*What you should do:* In the answer, each entry below appears exactly as given, and no picture appears at all.

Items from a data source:
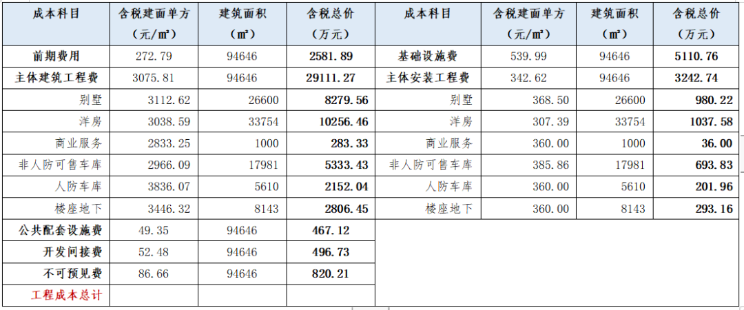 工程成本通常包括:前期工程費、主體建安工程費、景觀環境工程費、社區管網工程費、公共配套設施成本、工程建設其他費用以及開發間接費等。
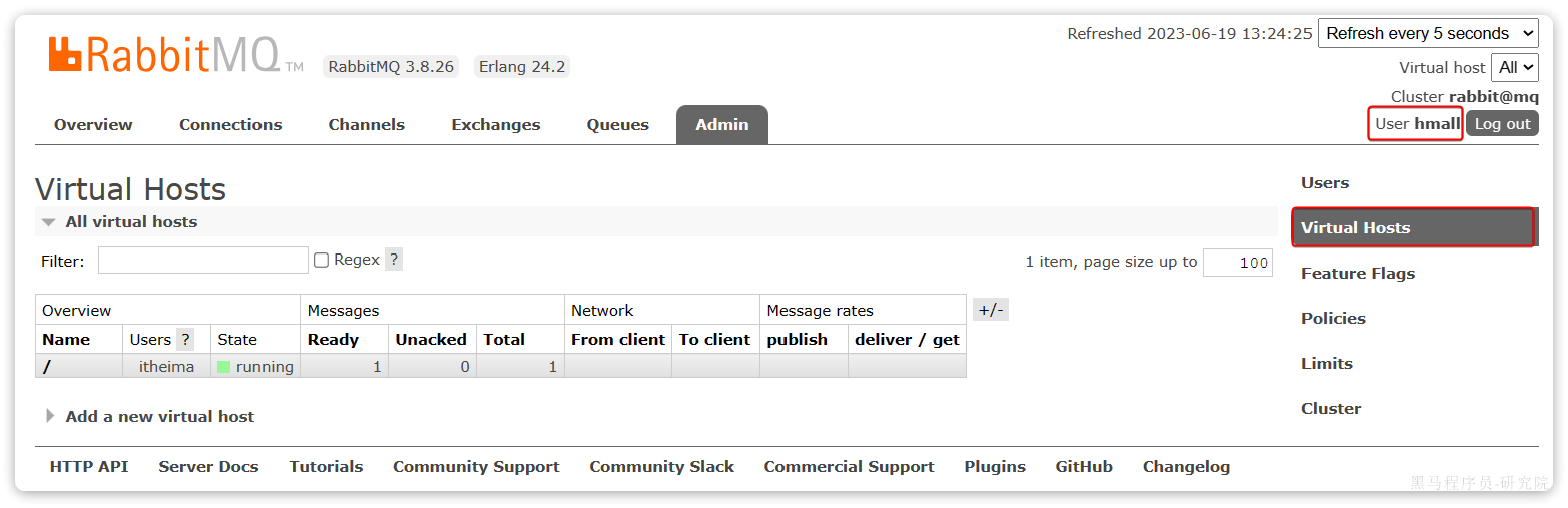 切換到剛剛創(chuàng)建的 用戶登錄,然后點(diǎn)擊Virtual Hosts
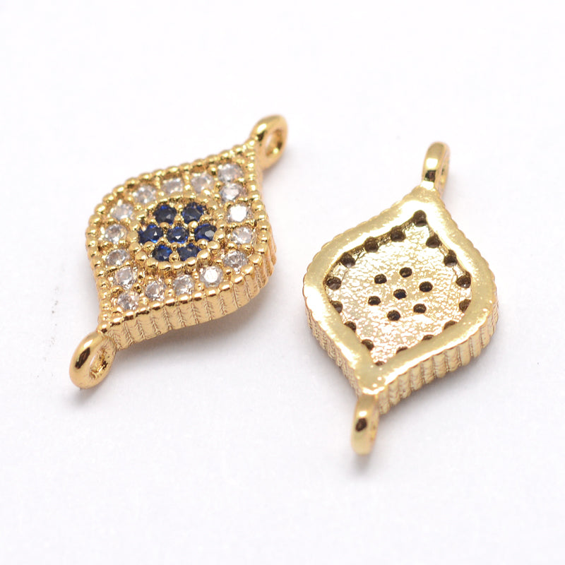Eye Flat Round Brass Micro Pave Cubic Zirconia Links, Cadmium Free & Nickel Free & Lead Free, Real 18K Gold Plated, 16x8x2mm, Hole: 1mm
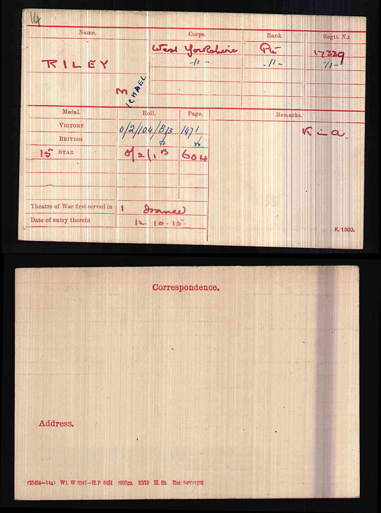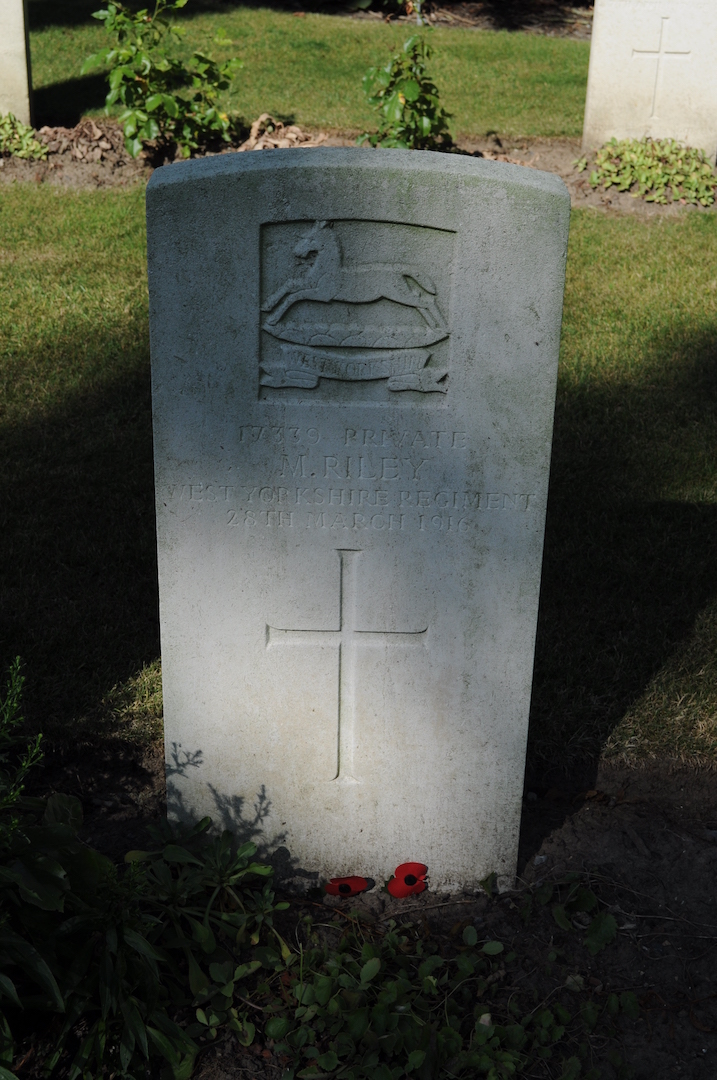 Story | Michael Joined the East Yorkshire regiment, but later ended up in the Prince of Wales’s Own(West Yorkshire Regiment) 12th Bn. He was killed on 28th March 1916, along with other members of the regiment, including the officer commanding. I understand from the action at the time that they were killed by a German sniper. Buried in the Elzenwalle Brasserie Cemetery, in Belgium
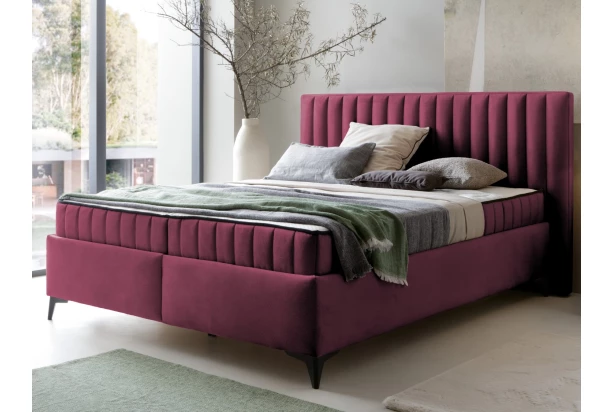 Trendy manželská postel o velikosti lůžka 180×200 cm má stylové prošití potahu ve vertikálním směru a skvěle se hodí do moderní ložnice. Postel je očalouněna sametově hebkou látkou v odstínu tmavě růžová malina, která je zároveň i velmi odolná. Toto dvoulůžko obsahuje kvalitní vysoké matrace s taštičkovým jádrem a studenou pěnou, které zajistí optimální komfort během spaní. Díky vyšší poloze lůžka se vám bude z postele lépe vstávat. Ve spodní části postele najdete praktické úložné prostory, ke kterým se snadno dostanete z bočních stran. Do úložných prostor můžete ukládat například lůžkoviny, deky nebo některé sezónní věci. Postel je na nožkách, tudíž můžete využívat během úklidu i robotický vysavač, což je velmi praktické.
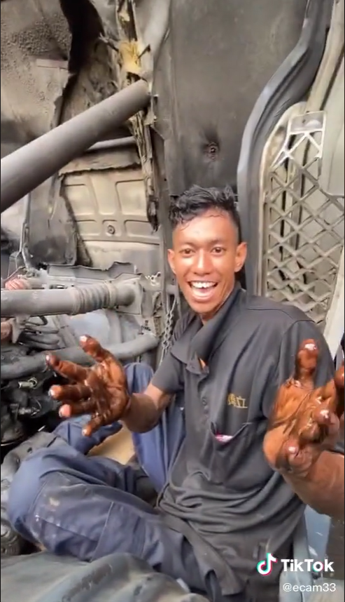Menerusi video tersebut, kelihatan seorang lelaki sedang melakukan kerjanya dengan membaiki lori di sebuah bengkel. Dia juga menunjukkan tangannya yang kotor kerana terkena minyak hitam kepada rakannya.
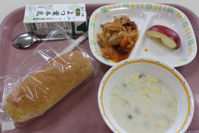 今日のメニューは、ごまパン、白菜のクリーム煮、ポークビーンズ、りんご。
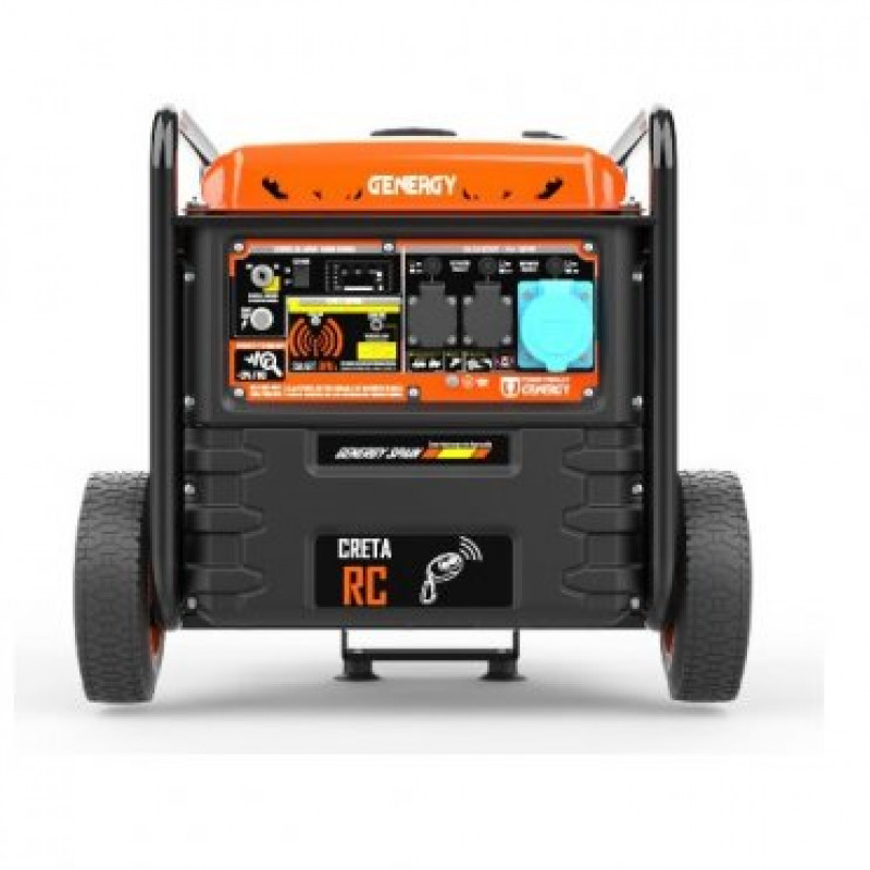 Генератор інверторний бензиновий GENERGY CRETA RC 7,5 кВт – однофазна 230В електростанція, призначена для забезпечення електроенергією приладів потужністю до 7,2 кВт (номінальна потужність). Максимальна потужність цього бензогенератора – 7,5 кВт. Виділяється серед аналогічних моделей наявністю пульта для дистанційного запуску, зменшеними масою та габаритами.

*Answer space:*
 工程成本通常包括:前期工程費、主體建安工程費、景觀環境工程費、社區管網工程費、公共配套設施成本、工程建設其他費用以及開發間接費等。
 切換到剛剛創(chuàng)建的 用戶登錄,然后點(diǎn)擊Virtual Hosts
Eye Flat Round Brass Micro Pave Cubic Zirconia Links, Cadmium Free & Nickel Free & Lead Free, Real 18K Gold Plated, 16x8x2mm, Hole: 1mm
 Story | Michael Joined the East Yorkshire regiment, but later ended up in the Prince of Wales’s Own(West Yorkshire Regiment) 12th Bn. He was killed on 28th March 1916, along with other members of the regiment, including the officer commanding. I understand from the action at the time that they were killed by a German sniper. Buried in the Elzenwalle Brasserie Cemetery, in Belgium
 Trendy manželská postel o velikosti lůžka 180×200 cm má stylové prošití potahu ve vertikálním směru a skvěle se hodí do moderní ložnice. Postel je očalouněna sametově hebkou látkou v odstínu tmavě růžová malina, která je zároveň i velmi odolná. Toto dvoulůžko obsahuje kvalitní vysoké matrace s taštičkovým jádrem a studenou pěnou, které zajistí optimální komfort během spaní. Díky vyšší poloze lůžka se vám bude z postele lépe vstávat. Ve spodní části postele najdete praktické úložné prostory, ke kterým se snadno dostanete z bočních stran. Do úložných prostor můžete ukládat například lůžkoviny, deky nebo některé sezónní věci. Postel je na nožkách, tudíž můžete využívat během úklidu i robotický vysavač, což je velmi praktické.
Menerusi video tersebut, kelihatan seorang lelaki sedang melakukan kerjanya dengan membaiki lori di sebuah bengkel. Dia juga menunjukkan tangannya yang kotor kerana terkena minyak hitam kepada rakannya.
 今日のメニューは、ごまパン、白菜のクリーム煮、ポークビーンズ、りんご。
 Генератор інверторний бензиновий GENERGY CRETA RC 7,5 кВт – однофазна 230В електростанція, призначена для забезпечення електроенергією приладів потужністю до 7,2 кВт (номінальна потужність). Максимальна потужність цього бензогенератора – 7,5 кВт. Виділяється серед аналогічних моделей наявністю пульта для дистанційного запуску, зменшеними масою та габаритами.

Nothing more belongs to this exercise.